Problem description: Your answer should hold the data exactly as given, minus any picture.

Data below:
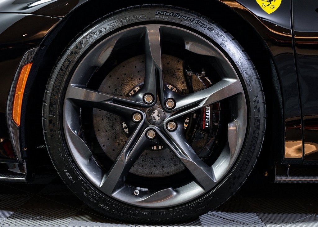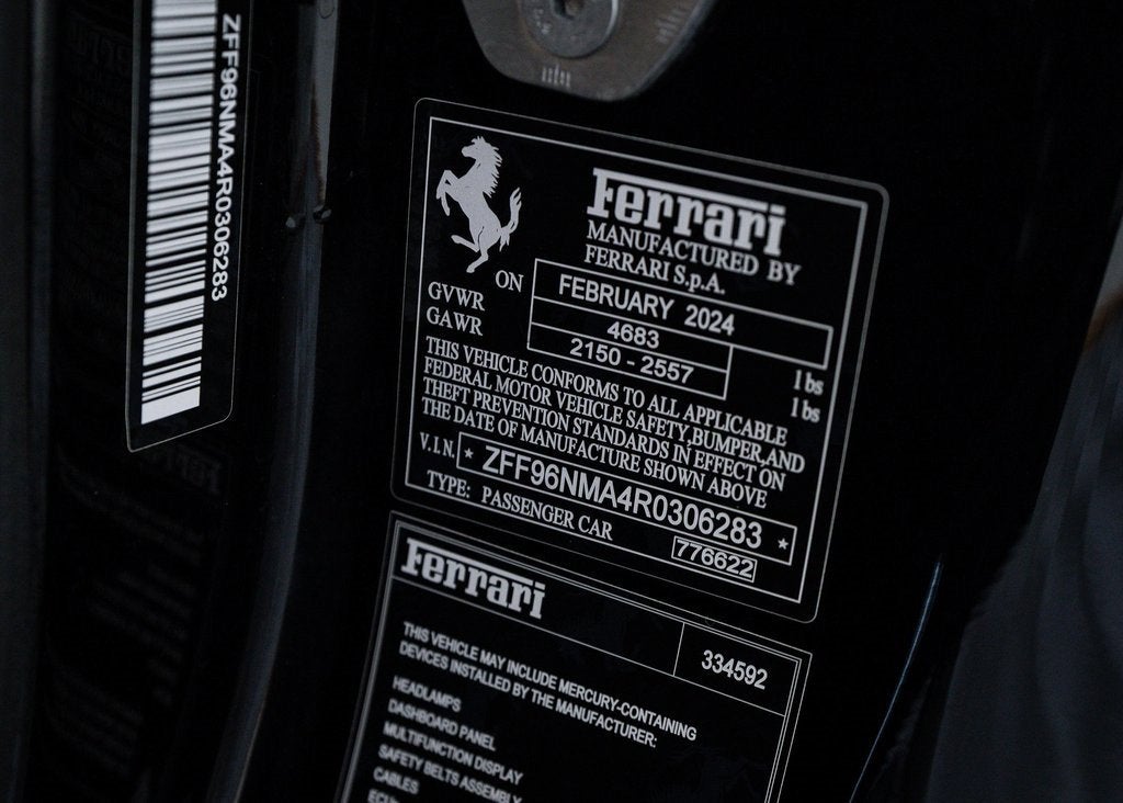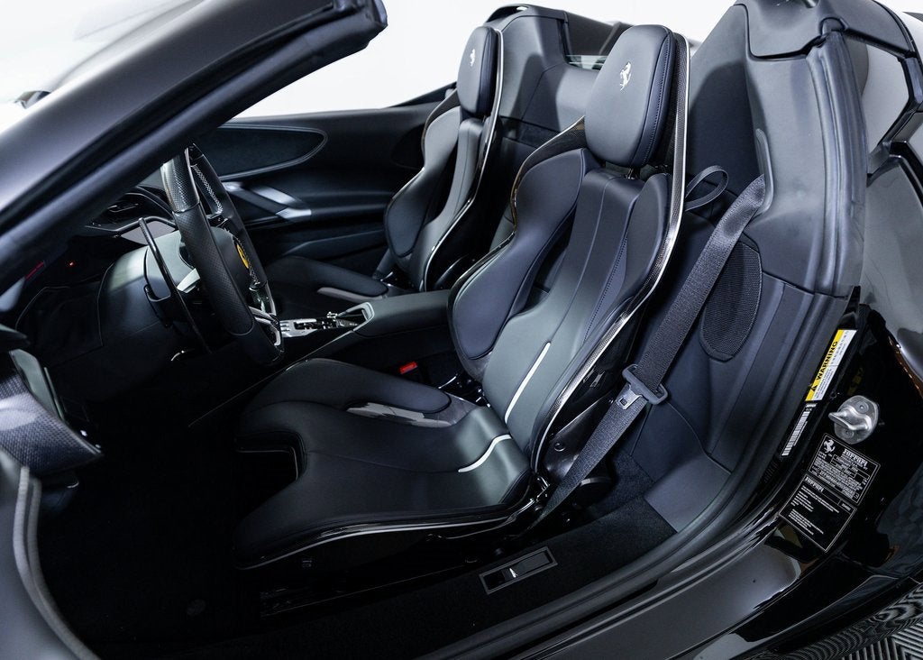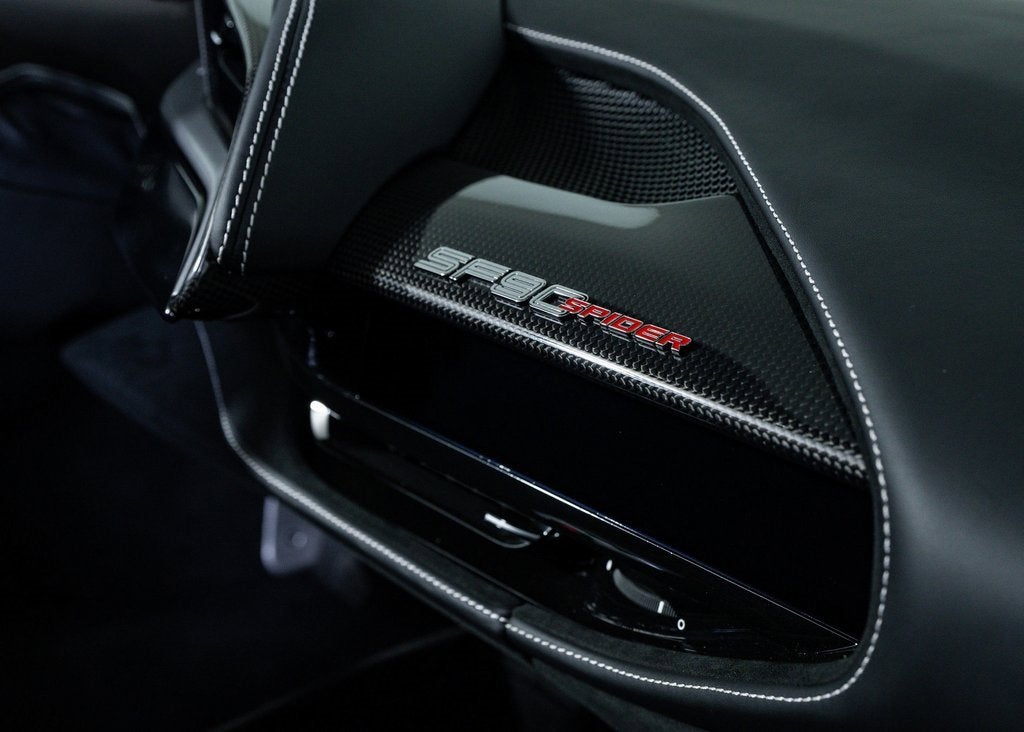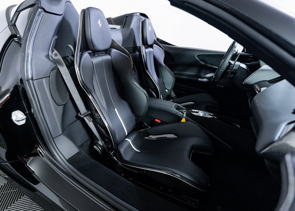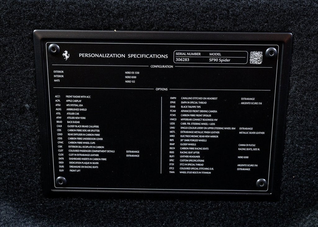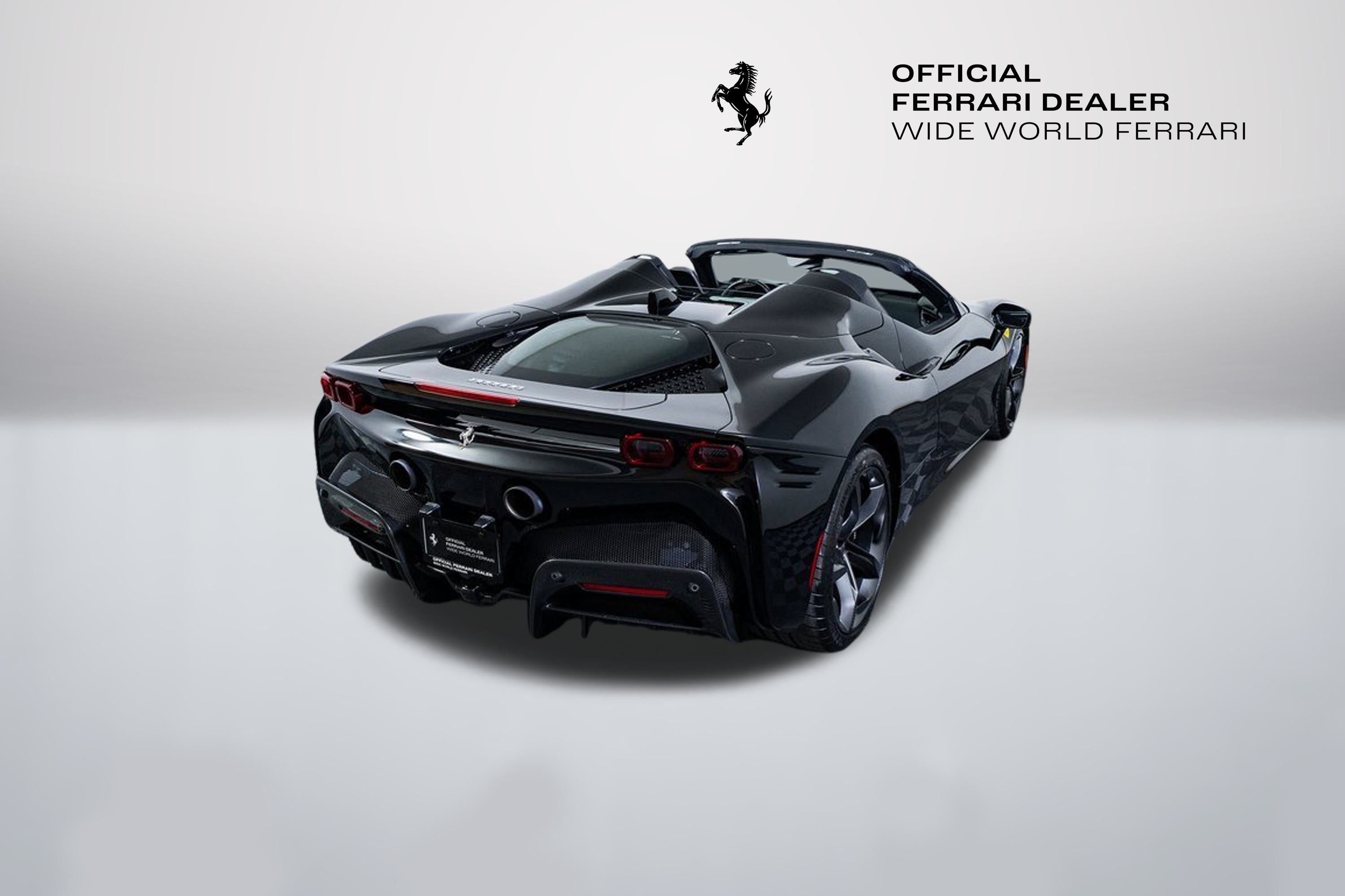 Wide World Ferrari is proud to present this virtually new 2024 Ferrari SF90 Spider, a breathtaking expression of Ferraris flagship open-top hybrid supercar. Showing just 134 miles, this one-owner example features a clean Carfax and an original MSRP of nearly $713,000, reflecting an exceptionally curated factory specification from Ferrari's Atelier studio in NYC. Finished in Nero, the exterior exudes stealth, sophistication, and unmistakable presence. The deep black finish is elevated by an extensive selection of gloss finish carbon fibre elements, including the lateral engine air intakes, front and lateral spoilers, exterior kickplates, under-door trim, and rear carbon fibre diffuser, all enhancing both aerodynamic performance and visual drama. Black ceramic coated tailpipes complement the darkened aesthetic, while 20 forged wheels in Canna di Fucile paired with titanium wheel studs deliver an aggressive, motorsport-inspired stance. Completing the exterior are carbon fibre wheel center caps and the iconic Scuderia Ferrari airbrushed shields, adding a bespoke Atelier-level touch. The cabin is a striking fusion of modern luxury and advanced performance design. Upholstered in Metallic Extrarange Leather Pelle Argento Metallizzato, the interior is contrasted beautifully by a Nero leather headliner, Argento Scuro special contrast stitching, and refined detailing throughout. Carbon fibre racing seats with seat height adjustment provide exceptional support while reinforcing the SF90s Formula 1inspired character. The driver-focused cockpit is finished with extensive carbon fibre, including gloss carbon dashboard accents and the carbon fibre steering wheel with integrated LED shift lights, placing race-bred technology directly at the drivers fingertips. This SF90 Spider is equipped with an impressive suite of advanced technology and driver-assistance features, including Adaptive Cruise Control with front radar, Blind Spot Detection with rear radar, Advanced Front Driving Camera, suspension lifter, electrochromic exterior mirrors, and Apple CarPlay, delivering everyday usability without compromising the cars extraordinary performance capabilities. Additionally, the car is Ferrari Approved and eligible for up to a 2-year Ferrari Certification warranty (available at an additional charge). This car benefits from an active warranty until Oct 2027 and complimentary maintenance until Oct 2031. As the only 4-Time Cavallino Winning Ferrari Center in the tri-state area and one of the first Ferrari Centers in North America, we pride ourselves on exceptional service. We assist with all aspects of your purchase, including trade-ins, shipping, registration, non-reported financing, and customizations. Conveniently located in Rockland County, just under 30 miles from Manhattan. For more information, email us at ferrarivip@newcountry.com or call 845-682-0129.
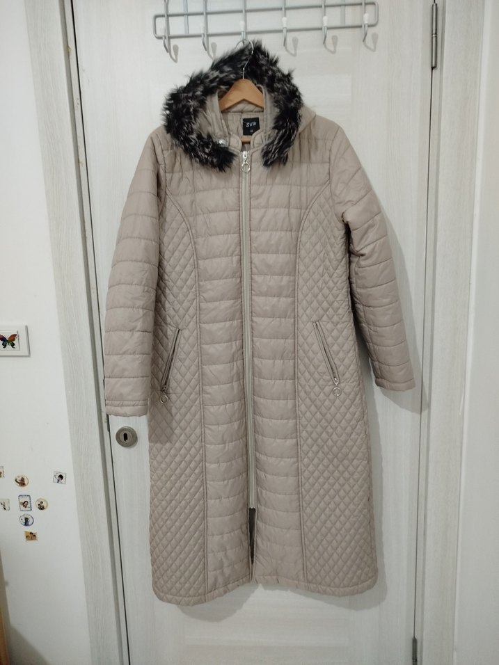 Kürk detaylı kapüşonlu uzun bej kadın kışlık mont. Dikişli deseni, regular fit ve uzun kolludur. Yumuşak sentetik kumaştan, günlük kullanıma uygundur. ❄️ üzerinde 46 beden yazıyor ama dar kalıptır 42 beden için idealdir.
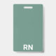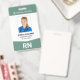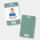Um crachá para enfermeiros, incluindo fotografia, nome, número de identificação e código de certificação. Este crachá é ideal para funcionarios médicos como enfermeiro registrado RN, enfermeiro Prático Licenciado LPN, enfermeiro NP ou Unidade de Cuidados Intensivos ICU. Este moderno crachá de identidade dos empregados também funcionará bem para funcionarios em lares de idosos e de enfermagem. Note que o código de certificação, como RN, LPN, PN ou ICU, também é mostrado na parte de trás do crachá. Cor: Verde

Result of this task:
 Wide World Ferrari is proud to present this virtually new 2024 Ferrari SF90 Spider, a breathtaking expression of Ferraris flagship open-top hybrid supercar. Showing just 134 miles, this one-owner example features a clean Carfax and an original MSRP of nearly $713,000, reflecting an exceptionally curated factory specification from Ferrari's Atelier studio in NYC. Finished in Nero, the exterior exudes stealth, sophistication, and unmistakable presence. The deep black finish is elevated by an extensive selection of gloss finish carbon fibre elements, including the lateral engine air intakes, front and lateral spoilers, exterior kickplates, under-door trim, and rear carbon fibre diffuser, all enhancing both aerodynamic performance and visual drama. Black ceramic coated tailpipes complement the darkened aesthetic, while 20 forged wheels in Canna di Fucile paired with titanium wheel studs deliver an aggressive, motorsport-inspired stance. Completing the exterior are carbon fibre wheel center caps and the iconic Scuderia Ferrari airbrushed shields, adding a bespoke Atelier-level touch. The cabin is a striking fusion of modern luxury and advanced performance design. Upholstered in Metallic Extrarange Leather Pelle Argento Metallizzato, the interior is contrasted beautifully by a Nero leather headliner, Argento Scuro special contrast stitching, and refined detailing throughout. Carbon fibre racing seats with seat height adjustment provide exceptional support while reinforcing the SF90s Formula 1inspired character. The driver-focused cockpit is finished with extensive carbon fibre, including gloss carbon dashboard accents and the carbon fibre steering wheel with integrated LED shift lights, placing race-bred technology directly at the drivers fingertips. This SF90 Spider is equipped with an impressive suite of advanced technology and driver-assistance features, including Adaptive Cruise Control with front radar, Blind Spot Detection with rear radar, Advanced Front Driving Camera, suspension lifter, electrochromic exterior mirrors, and Apple CarPlay, delivering everyday usability without compromising the cars extraordinary performance capabilities. Additionally, the car is Ferrari Approved and eligible for up to a 2-year Ferrari Certification warranty (available at an additional charge). This car benefits from an active warranty until Oct 2027 and complimentary maintenance until Oct 2031. As the only 4-Time Cavallino Winning Ferrari Center in the tri-state area and one of the first Ferrari Centers in North America, we pride ourselves on exceptional service. We assist with all aspects of your purchase, including trade-ins, shipping, registration, non-reported financing, and customizations. Conveniently located in Rockland County, just under 30 miles from Manhattan. For more information, email us at ferrarivip@newcountry.com or call 845-682-0129.
 Kürk detaylı kapüşonlu uzun bej kadın kışlık mont. Dikişli deseni, regular fit ve uzun kolludur. Yumuşak sentetik kumaştan, günlük kullanıma uygundur. ❄️ üzerinde 46 beden yazıyor ama dar kalıptır 42 beden için idealdir.
Um crachá para enfermeiros, incluindo fotografia, nome, número de identificação e código de certificação. Este crachá é ideal para funcionarios médicos como enfermeiro registrado RN, enfermeiro Prático Licenciado LPN, enfermeiro NP ou Unidade de Cuidados Intensivos ICU. Este moderno crachá de identidade dos empregados também funcionará bem para funcionarios em lares de idosos e de enfermagem. Note que o código de certificação, como RN, LPN, PN ou ICU, também é mostrado na parte de trás do crachá. Cor: Verde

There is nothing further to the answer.